These days “technical death metal” means precise widdly widdly and oddball arrangements to some rather than complex, relentless attack ala Cannibal or Aeon. I’d put proper Cryptopsy in the latter category, a band at their best when having fun writing arrangements unselfconciously but still pushing themselves to get as crazy as can be. People give them shit for The Unspoken King because it was a deathcore departure, but what’s funny is how few people notice how much the death metal side of Whitechapel’s This Is Exile, for example, sounded like it really wanted to be Cryptopsy at certain points. I don’t think a band should be punished for expanding their style anyway. Sure, a classic sounding doom album like Crypt Sermon’s latest Out Of The Garden nails a certain style and is above the doom pack this year due to killer performances such as “The Master’s Bouquet”, but if everyone always adhered to only certain forms we would have nothing but genre boundaries and no innovation.
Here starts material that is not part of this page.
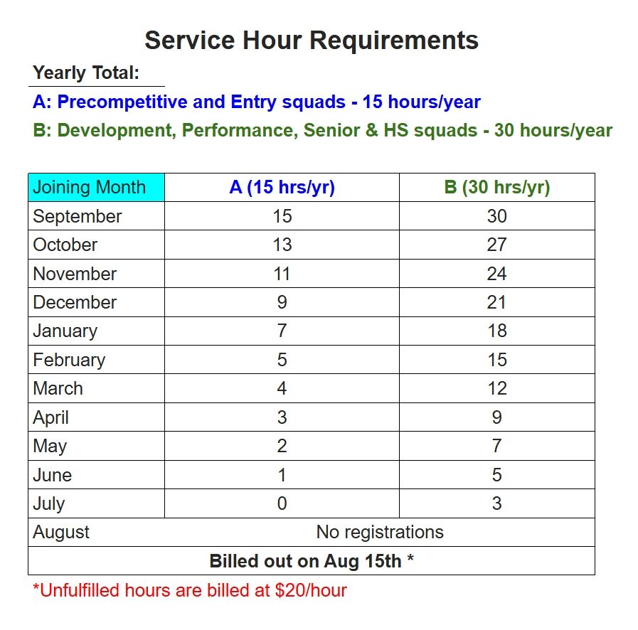 Throughout the year we provide volunteer opportunities such as helping at meets, officiating, becoming a board or committee member, donating items/food and much more! Service hours are applied to your account within days of when you volunteered. You can view your total hours worked through your personal team account.

So, The Book of Suffering. Definitely on the more classic Cryptopsy sound-side but full of thrills and some twists anyway.
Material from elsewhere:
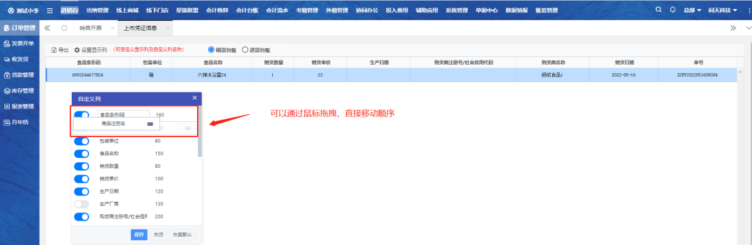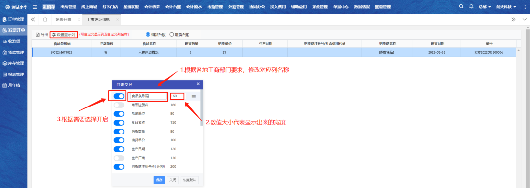 点击【设置显示列】按钮,可以对表格标题名称等进行自定义编辑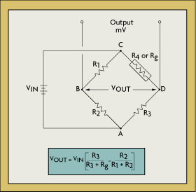 The sensor, however, can occupy one, two, or four arms of the bridge, depending on the application. The total strain, or output voltage of the circuit (VOUT) is equivalent to the difference between the voltage drop across R1 and R4, or Rg. This can also be written as:

For some reason the title has me thinking of Hermann Hesse’s “genius of suffering” Steppenwolf (a must read for anyone, let alone metal fans, haha). A treatise on spiritual loneliness and the moral shades of embracing the wolf within, the book often mentions Buddha.

“A man who can understand Buddha and has an intuition of the heaven and hell of humanity ought not to live in a world ruled by “common sense” and democracy and bourgeois standards. It is only from cowardice that he lives in it…and refuses to see that the wolf is as often as not the best part of him.”

Read more BELOW.

DVD Review: Rage Against The Machine – “Live At Finsbury Park”

Posted by Morgan Ywain Evans on Tuesday, October 13, 2015 at 8:25 PM (PST)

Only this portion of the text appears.